We'll start with the storage layer. Understanding how it works is a good way to understand what happens at higher layers.
The storage layer provides:? Parallelism and efficiency.In other words, it is competitive access. That is, when we try to benefit from parallelism, the problem of competitive access inevitably arises. We simultaneously go for one resource that can be written in the wrong way, be beaten while writing and, hell knows what else, it can work.
? Reliability: recovery from failures.
The second problem is a sudden failure. When reliability is provided, it means that not only have we provided a disaster-resistant solution as much as possible, but it's also important that we know how to recover quickly if something happens.
When I talk about integrity, external keys and so on, everybody somehow hums and says that they check it all at the code level. But as soon as you say: "Let's give an example on your salary! They transfer your salary, but it doesn't come" - somehow it becomes clearer at once. I don't know why, but there is a glitter in your eyes and interest in the topic of external keys, contacts.
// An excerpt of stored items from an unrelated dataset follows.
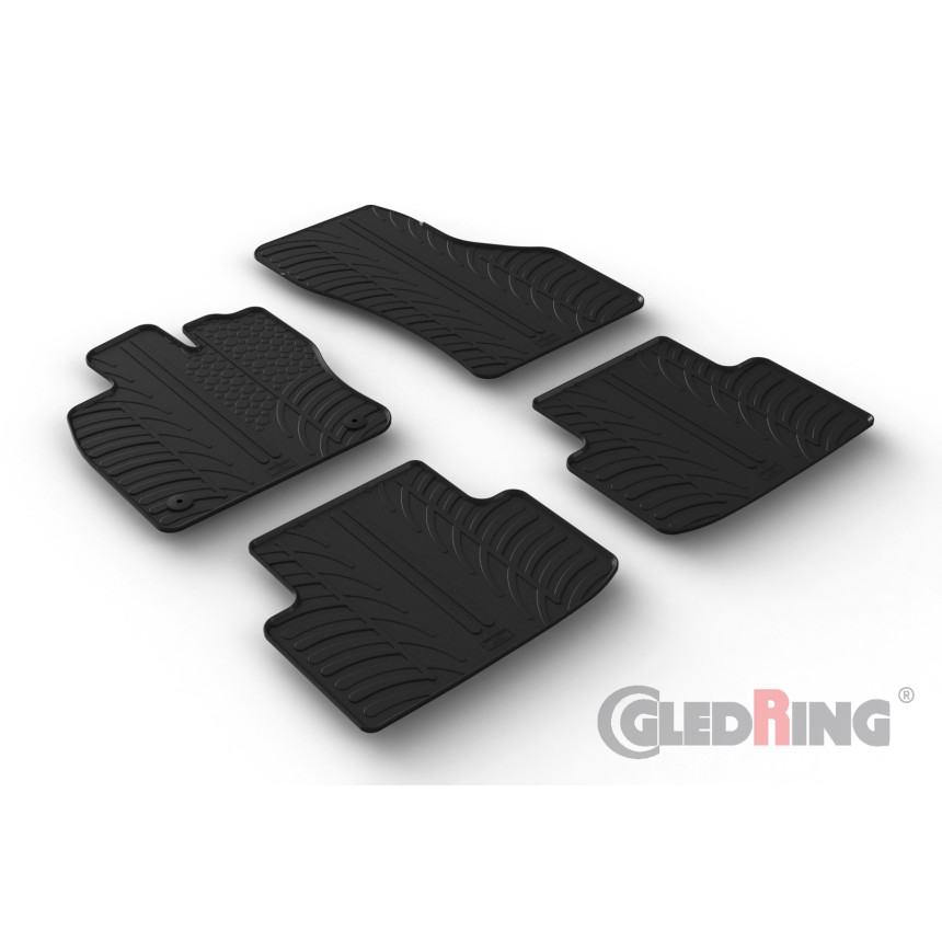 Gumowe dywaniki są produkowane na zamówienie i pasują dokładnie do każdego modelu pojazdu. Wyposażone są w zatyczki zabezpieczające. Gledring gwarantuje wymiary i kształt dywaników gumowych.
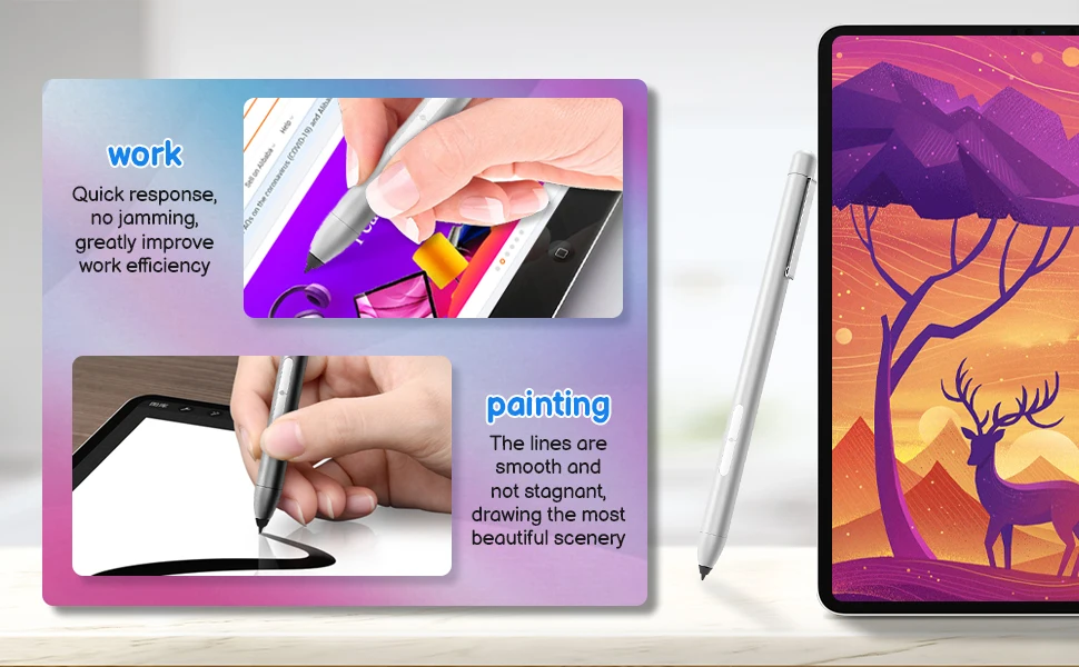 【Точный и гладкий 】 точный эскиз и оттенок с 1024 точками чувствительности давления, которые реагируют на легкое прикосновение, стилус для поверхности чувствителен и обеспечивает точный опыт письма и рисования. Естественно пишите и рисуйте. Без задержек.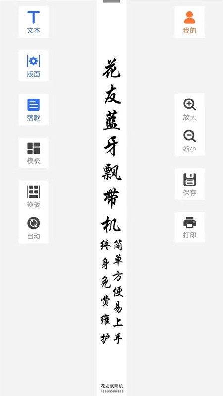 -- 手机版飘带挽联打印机专用APP,自动排版,自动花边,自动落款,内置模板,快速连接,极速打印。

Below is the code in a non-existent programming language.
balance = 1000,
curr = 'RUR'
send_money(account_a, account_b, 100);
send_money(account_a, account_c, 200);
account_a->balance = ????
Let's say we have a bank account with a balance of 1,000 rubles, and there are 2 functions. How they are arranged inside, we do not care now, these functions transfer 100 and 200 rubles from the account a to other bank accounts.
Attention, the question is: how much money will the result in the balance of the account a? Most likely, you will answer that 700.
This is where the problems with competitive data access begin, because I have a fictitious language, it is completely unclear how it is implemented, whether these functions are executed simultaneously and how they are arranged internally.We probably think that the send_money() operation is not an elementary action. We need to check the balance and where it is translated, perform control 1 and 2. These are not elementary operations that take some time. That's why we need the order of executing elementary operations inside them.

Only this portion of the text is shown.